§ **Exercise objective**
Whenever a picture appears in the listing below, leave it out, and copy exactly the lines from the one containing "경주시는 23일 경주지역" through the end.
(Collected material)
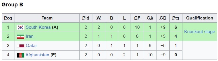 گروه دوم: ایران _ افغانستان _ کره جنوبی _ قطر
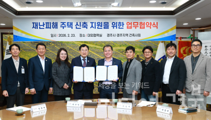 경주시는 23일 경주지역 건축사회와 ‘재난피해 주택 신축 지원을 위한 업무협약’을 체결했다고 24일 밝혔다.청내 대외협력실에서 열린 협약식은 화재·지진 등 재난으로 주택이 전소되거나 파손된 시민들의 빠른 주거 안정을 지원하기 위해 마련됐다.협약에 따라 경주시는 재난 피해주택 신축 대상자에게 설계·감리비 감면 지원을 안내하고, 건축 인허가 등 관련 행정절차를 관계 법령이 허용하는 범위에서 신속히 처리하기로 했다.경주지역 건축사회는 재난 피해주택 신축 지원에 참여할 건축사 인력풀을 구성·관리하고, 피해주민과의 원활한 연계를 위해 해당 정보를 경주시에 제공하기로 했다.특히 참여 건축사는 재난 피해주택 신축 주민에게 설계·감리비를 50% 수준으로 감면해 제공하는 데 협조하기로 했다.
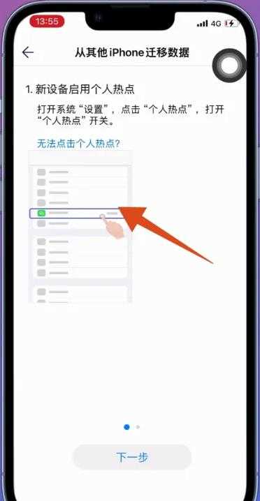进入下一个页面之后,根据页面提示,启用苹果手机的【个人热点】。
(End Collected material)
§ **Response**
 경주시는 23일 경주지역 건축사회와 ‘재난피해 주택 신축 지원을 위한 업무협약’을 체결했다고 24일 밝혔다.청내 대외협력실에서 열린 협약식은 화재·지진 등 재난으로 주택이 전소되거나 파손된 시민들의 빠른 주거 안정을 지원하기 위해 마련됐다.협약에 따라 경주시는 재난 피해주택 신축 대상자에게 설계·감리비 감면 지원을 안내하고, 건축 인허가 등 관련 행정절차를 관계 법령이 허용하는 범위에서 신속히 처리하기로 했다.경주지역 건축사회는 재난 피해주택 신축 지원에 참여할 건축사 인력풀을 구성·관리하고, 피해주민과의 원활한 연계를 위해 해당 정보를 경주시에 제공하기로 했다.특히 참여 건축사는 재난 피해주택 신축 주민에게 설계·감리비를 50% 수준으로 감면해 제공하는 데 협조하기로 했다.
进入下一个页面之后,根据页面提示,启用苹果手机的【个人热点】。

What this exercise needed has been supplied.